[[ Data for processing, beginning ]]

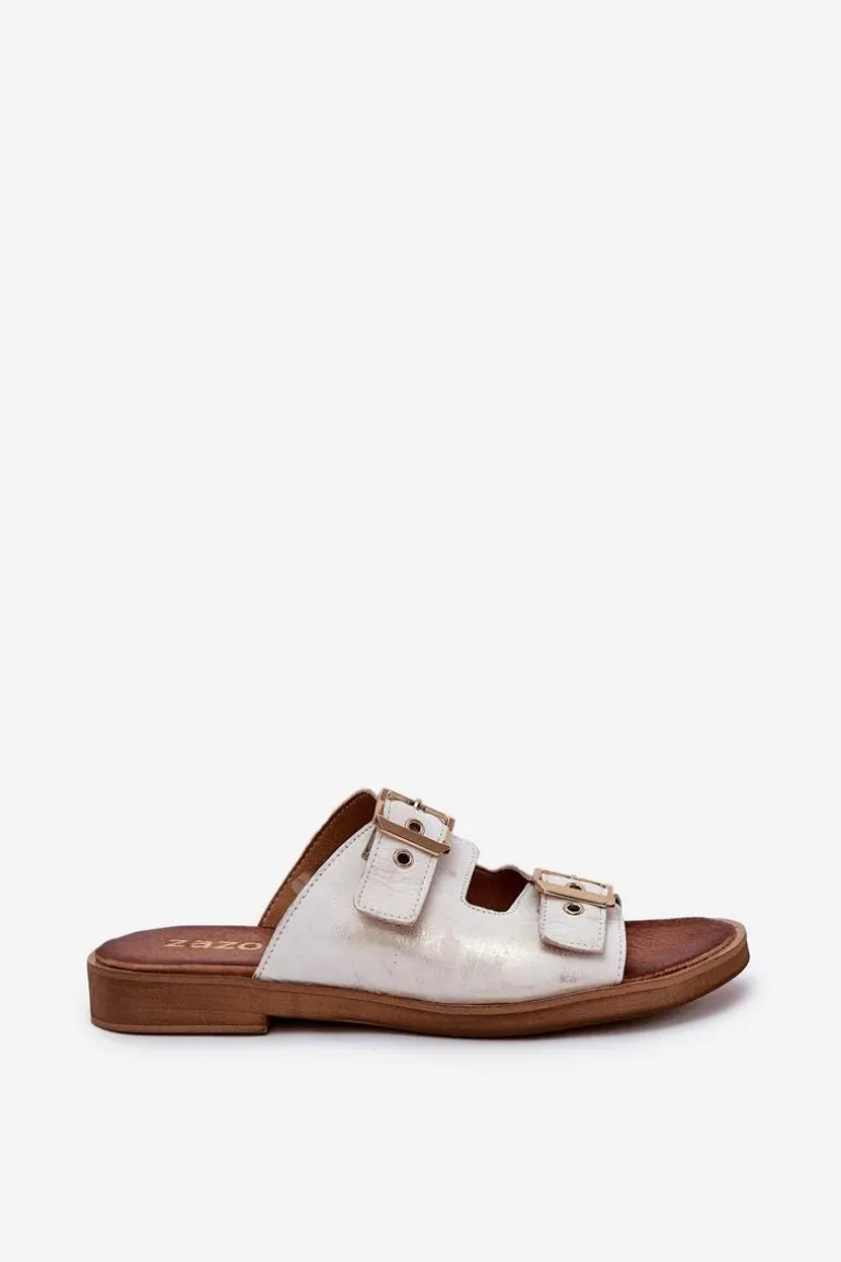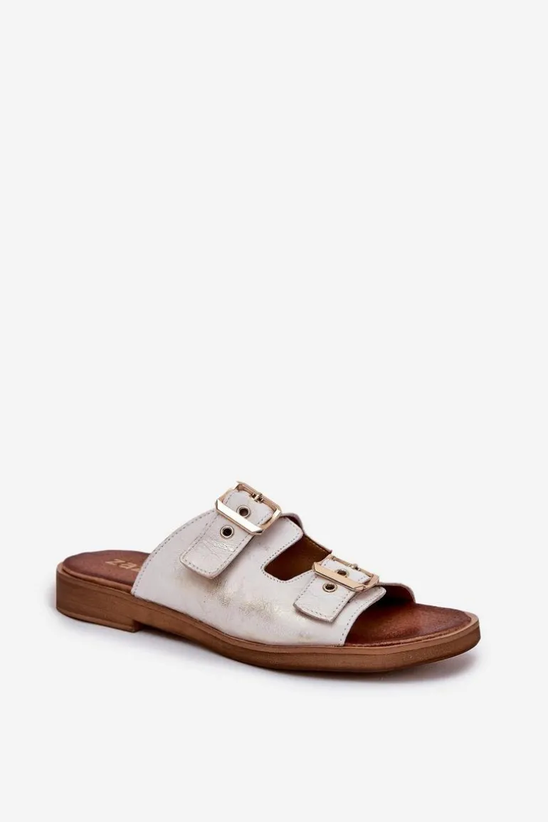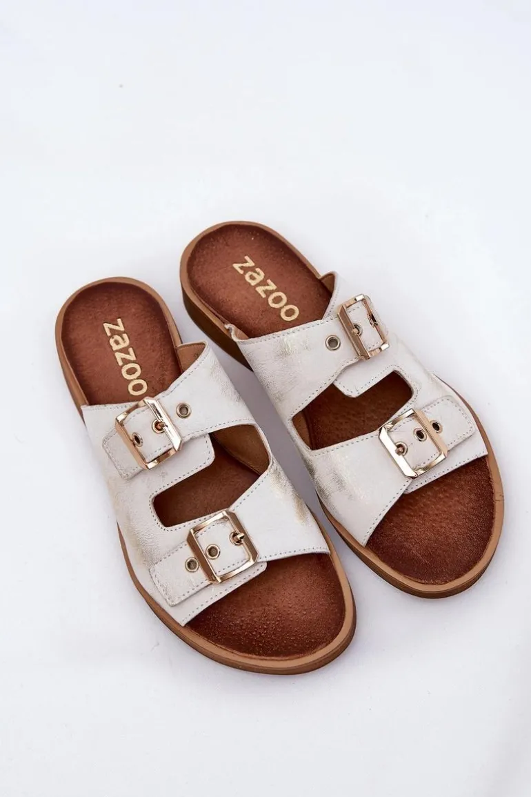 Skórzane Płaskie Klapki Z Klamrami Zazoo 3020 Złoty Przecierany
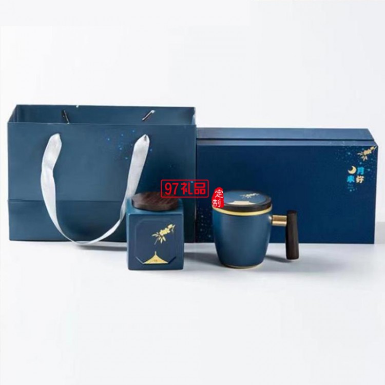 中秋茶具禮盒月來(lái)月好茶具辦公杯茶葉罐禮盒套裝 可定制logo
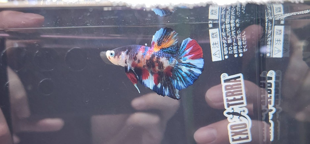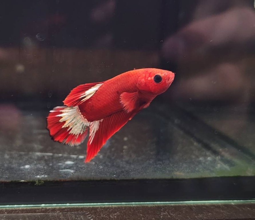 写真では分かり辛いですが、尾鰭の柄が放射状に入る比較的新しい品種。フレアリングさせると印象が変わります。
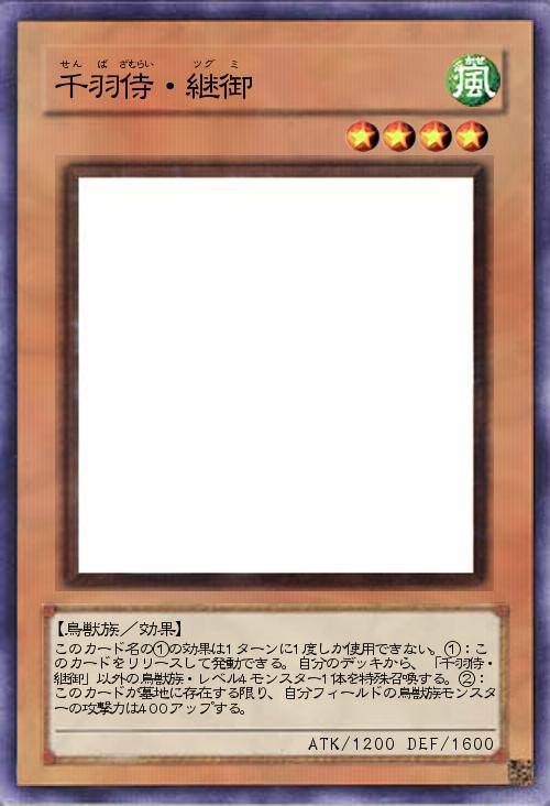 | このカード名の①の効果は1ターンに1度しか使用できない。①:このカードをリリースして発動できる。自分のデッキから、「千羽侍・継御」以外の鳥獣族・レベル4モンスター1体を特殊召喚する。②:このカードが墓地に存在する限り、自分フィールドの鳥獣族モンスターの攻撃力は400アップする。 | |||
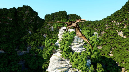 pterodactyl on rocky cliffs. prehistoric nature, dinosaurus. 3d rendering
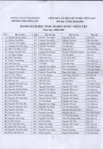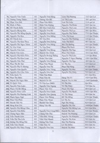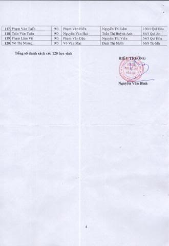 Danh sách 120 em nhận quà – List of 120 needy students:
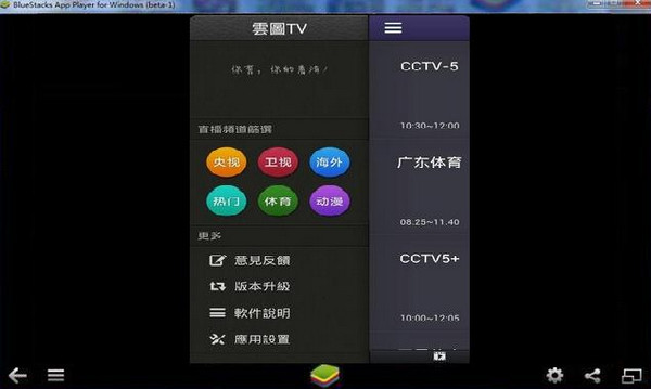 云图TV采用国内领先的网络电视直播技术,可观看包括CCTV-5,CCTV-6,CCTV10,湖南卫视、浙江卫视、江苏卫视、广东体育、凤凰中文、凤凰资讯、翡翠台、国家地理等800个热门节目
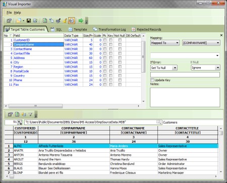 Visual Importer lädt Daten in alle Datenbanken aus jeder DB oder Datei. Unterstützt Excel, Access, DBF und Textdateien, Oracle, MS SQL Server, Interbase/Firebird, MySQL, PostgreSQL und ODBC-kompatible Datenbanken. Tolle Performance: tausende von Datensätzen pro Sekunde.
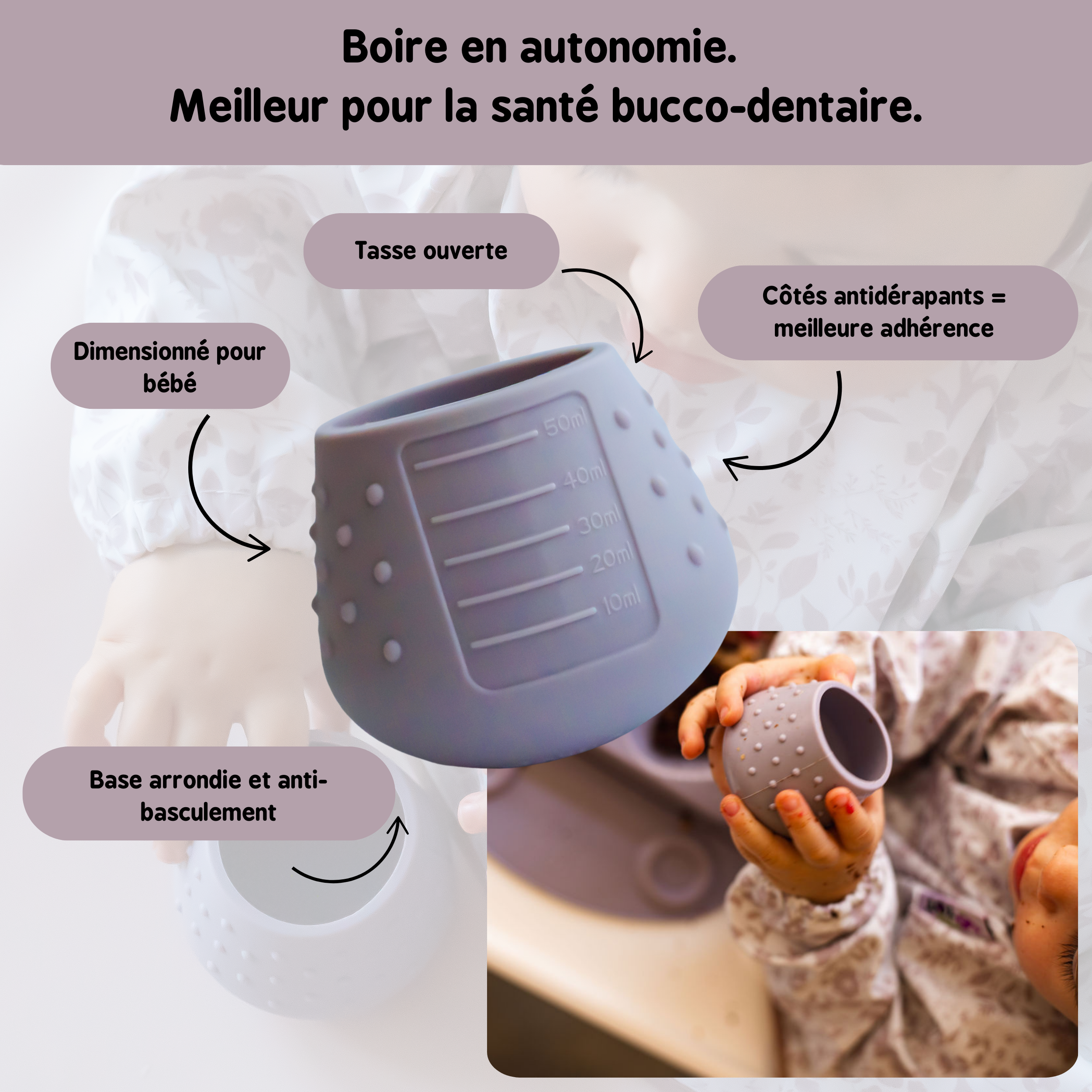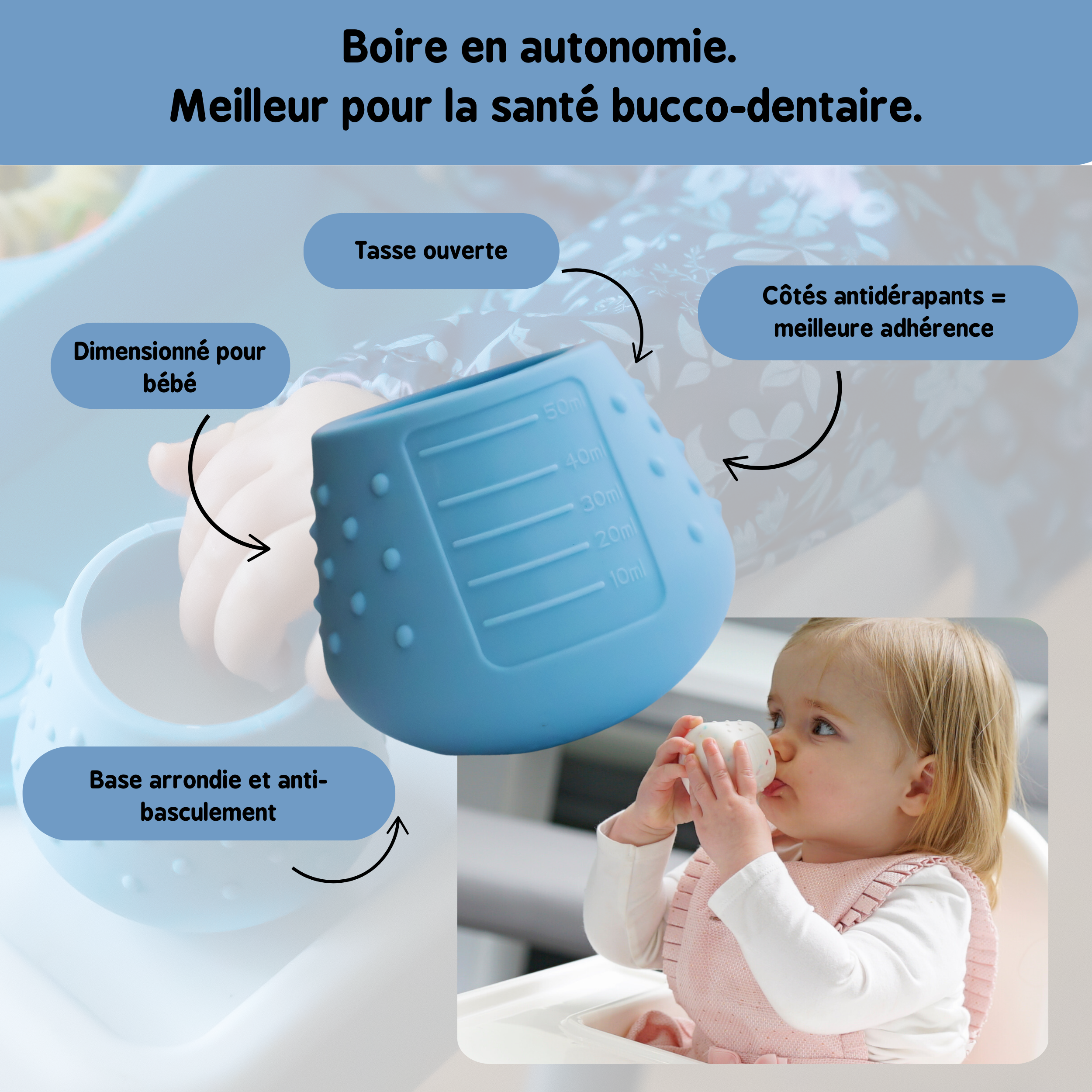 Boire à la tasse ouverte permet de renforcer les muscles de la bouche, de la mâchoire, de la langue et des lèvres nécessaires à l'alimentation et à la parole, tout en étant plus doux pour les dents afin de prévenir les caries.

[[ Data for processing, end ]]

- [Task prompt]: Write out all the records exactly, omitting the images.

- [Answer for this exercise]:
 Skórzane Płaskie Klapki Z Klamrami Zazoo 3020 Złoty Przecierany
 中秋茶具禮盒月來(lái)月好茶具辦公杯茶葉罐禮盒套裝 可定制logo
 写真では分かり辛いですが、尾鰭の柄が放射状に入る比較的新しい品種。フレアリングさせると印象が変わります。
 | このカード名の①の効果は1ターンに1度しか使用できない。①:このカードをリリースして発動できる。自分のデッキから、「千羽侍・継御」以外の鳥獣族・レベル4モンスター1体を特殊召喚する。②:このカードが墓地に存在する限り、自分フィールドの鳥獣族モンスターの攻撃力は400アップする。 | |||
 pterodactyl on rocky cliffs. prehistoric nature, dinosaurus. 3d rendering
 Danh sách 120 em nhận quà – List of 120 needy students:
 云图TV采用国内领先的网络电视直播技术,可观看包括CCTV-5,CCTV-6,CCTV10,湖南卫视、浙江卫视、江苏卫视、广东体育、凤凰中文、凤凰资讯、翡翠台、国家地理等800个热门节目
 Visual Importer lädt Daten in alle Datenbanken aus jeder DB oder Datei. Unterstützt Excel, Access, DBF und Textdateien, Oracle, MS SQL Server, Interbase/Firebird, MySQL, PostgreSQL und ODBC-kompatible Datenbanken. Tolle Performance: tausende von Datensätzen pro Sekunde.
 Boire à la tasse ouverte permet de renforcer les muscles de la bouche, de la mâchoire, de la langue et des lèvres nécessaires à l'alimentation et à la parole, tout en étant plus doux pour les dents afin de prévenir les caries.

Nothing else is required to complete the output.